Paradise Row Gallery

74 Newman Street
London W1T 3DB

8 July- 13 August

‘Sous les pavés, la plage’

The group exhibition includes a range of works by twenty-three artists, including the exhibition’s curators,Guillaume Paris and Mick Finch. Among the artists present in the exhibition are the galleries longstanding artists, Margarita GluzbergShezad Dawood and Mounir Fatmi – all of whom have exhibited their works in Paradise Row on a number of occasions. Nick Hackworth, Paradise Row’s founder, procured the title of the summer exhibition from a section of graffiti he found scrawled on a wall in the central quad of University College London during the recent education protests in London. The phrase, he recalls, ‘re-appeared in a ghost-like manner’ having originally been used forty years earlier in France, May 1968, on a Parisian shop wall during the largest student protests in history.

The both thought-provoking and cynical phrase, Sous les pavés, la plage – ‘Beneath the pavement, the beach’ acted as the starting point for the exhibition. It crucially defines an historical moment in history which can be seen to echo in society today.

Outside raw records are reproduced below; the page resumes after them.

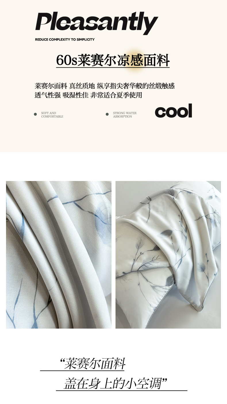 一加一 2025新款60S莱赛尔凉感蚕蛹蛋白夏被四件套 静谧
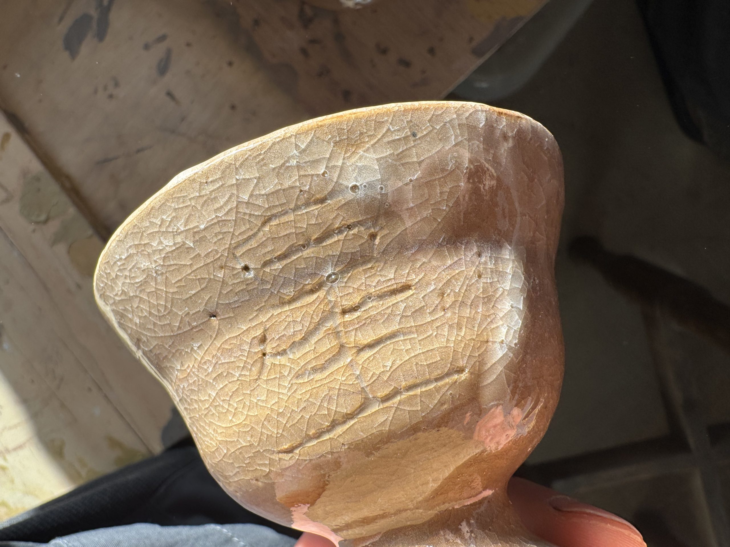 argile : rouge 59-1 特赤 (shigaraki) , trop sombre pour de l’émail soba shino, notamment trop dilué (effet brun / bizen plutôt que le blanc attendu)
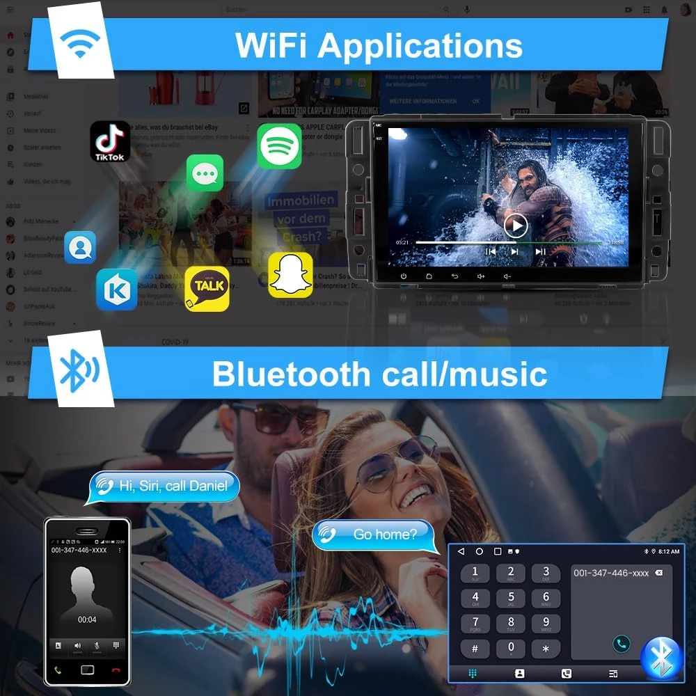 【Wireless CarPlay & Android Auto】For GMC/Chevrolet/BUICK support wired/wireless CarPlay and Android Auto. You can choose wired connection or wireless connection to carplay, connect to mobile phone, access mobile phone address book, mail, notification, map navigation, music, video and other information, and realize voice control. Wired Android auto through data cable connection, the wired Android auto car system can closely integrate the user's Android phone and player.

The significance of the phrase lies within the dichotomy it sets up between the ‘pavement,’ and ‘the beach.’ On one side it brings to surface the critique of a society so exhaustingly contingent upon the manufactured world of power, efficiency, subjugation, work, consumerism and regulated thought which deposit on the symbolic ‘pavements.’ The nationally and internationally eminent image of Queen Elizabeth II’s head, present in Finch’s piece ‘Constellations 3,’ alongside the ransacked supermarket shelves in Jean-Michel’s piece ‘Super #1,’ provide subtle critiques of this aspect of society. In contrast to these pieces, the bold slogans present in Guillaume Paris’ ‘Kids’ and Steven Le Priol’s ‘Yes We Can’ stand out as forthright propagandist works with a critical message against the exhibition’s metaphorical ‘pavements.’

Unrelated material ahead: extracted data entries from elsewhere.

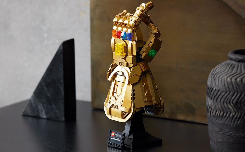 Fãs adultos de Vingadores da Marvel irão gostar desta impressionante Manopla do Infinito LEGO Marvel para montar e exibir.
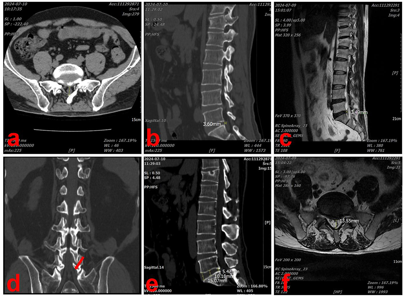 Figure 4. Lumbar spine CT and MRI scans performed at the last visit (2024-07-09). (a) In the CT cross-section, the diameter of the spinal canal at the L5/S1 level was 14.65 mm. (b) In the CT sagittal-section, the herniated disc measured 3.60 mm in length. (c) In the MRI sagittal-section, the herniated disc measured 3.49 mm in length. (d) In the coronal section, there was no longer compression of the S1 nerve root by the herniated disc (red arrow). (e) In the CT sagittal-section, the height of the lumbar intervertebral space was 10.27 mm. (f) In the MRI cross-section, the diameter of the spinal canal at the L5/S1 level was 13.55 mm.
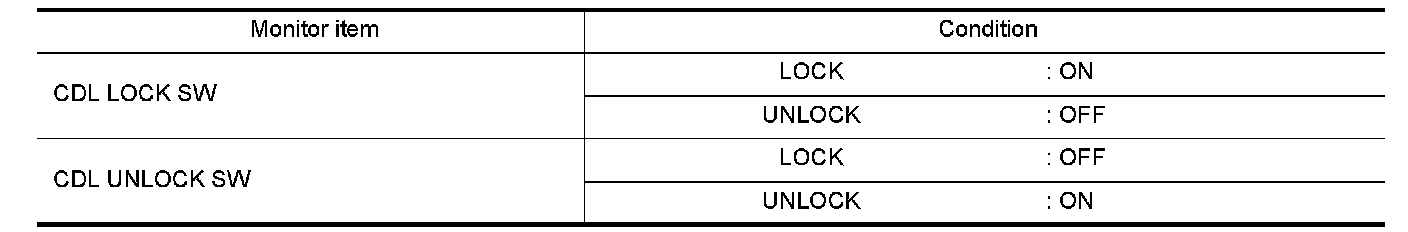 Check ("CDL LOCK SW ", "CDL UNLOCK SW") in "DATA MONITOR" mode for "POWER DOOR LOCK SYSTEM" with CONSULT. Refer to "DOOR LOCK : CONSULT Function (BCM DOOR LOCK)" Door Lock.
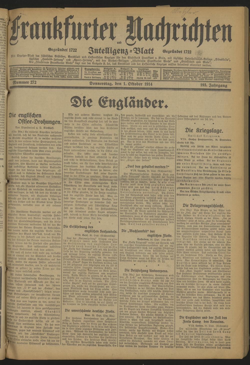 Frankfurter Nachrichten und Intelligenzblatt. 1914-1918

On the other hand, the exhibition’s ‘beach’ stands for the opposing utopian world of radical leisure, freedom and imagination. The task set up for the artists is to attempt to regain or draw on the notion of freedom wrapped up in the metaphorical ‘beach’ by provide critique of the causes of its loss. As the exhibition’s description point out, ‘The sphere of leisure and entertainment has become an arena in which power insidiously dreams itself into new disciplinary forms.’ Whether engaging with the phrase directly or with a symbolic approach, the exploration of perceptions of capitalism lodges itself in the forefront of the exhibitions aims. Each artist approaches the subject in hand from their own individual standpoint. To this end, as Nick Hackworth states, the accumulative collection of works ‘leaves the viewer to decide whether or not the artworks succeed.’

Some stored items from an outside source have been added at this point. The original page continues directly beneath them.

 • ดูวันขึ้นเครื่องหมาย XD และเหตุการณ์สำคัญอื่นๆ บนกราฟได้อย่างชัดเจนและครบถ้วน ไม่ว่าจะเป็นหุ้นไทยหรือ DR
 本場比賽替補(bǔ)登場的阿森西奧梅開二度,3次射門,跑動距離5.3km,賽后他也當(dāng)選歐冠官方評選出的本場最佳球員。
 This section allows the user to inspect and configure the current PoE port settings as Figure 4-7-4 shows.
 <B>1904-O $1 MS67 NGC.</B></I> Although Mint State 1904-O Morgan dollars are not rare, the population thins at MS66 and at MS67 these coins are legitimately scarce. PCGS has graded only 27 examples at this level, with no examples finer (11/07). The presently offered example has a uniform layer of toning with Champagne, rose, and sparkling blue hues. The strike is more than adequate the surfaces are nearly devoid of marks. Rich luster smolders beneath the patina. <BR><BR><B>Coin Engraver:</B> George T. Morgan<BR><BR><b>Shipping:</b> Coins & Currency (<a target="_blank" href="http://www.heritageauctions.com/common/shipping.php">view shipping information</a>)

Forty years on from the unprecedented protest events of ‘68, Mick Finch and Guillaume Paris, place a political frame around the works of art present in the exhibition. In doing so, they work with the Situationist International belief that all artwork must have a political agenda. The exhibition reflects on the historical shift that has undercut the utopian hopes encapsulated in the slogans of May ’68.

‘The Pavement and the Beach’ will run from 8th July to 13th August.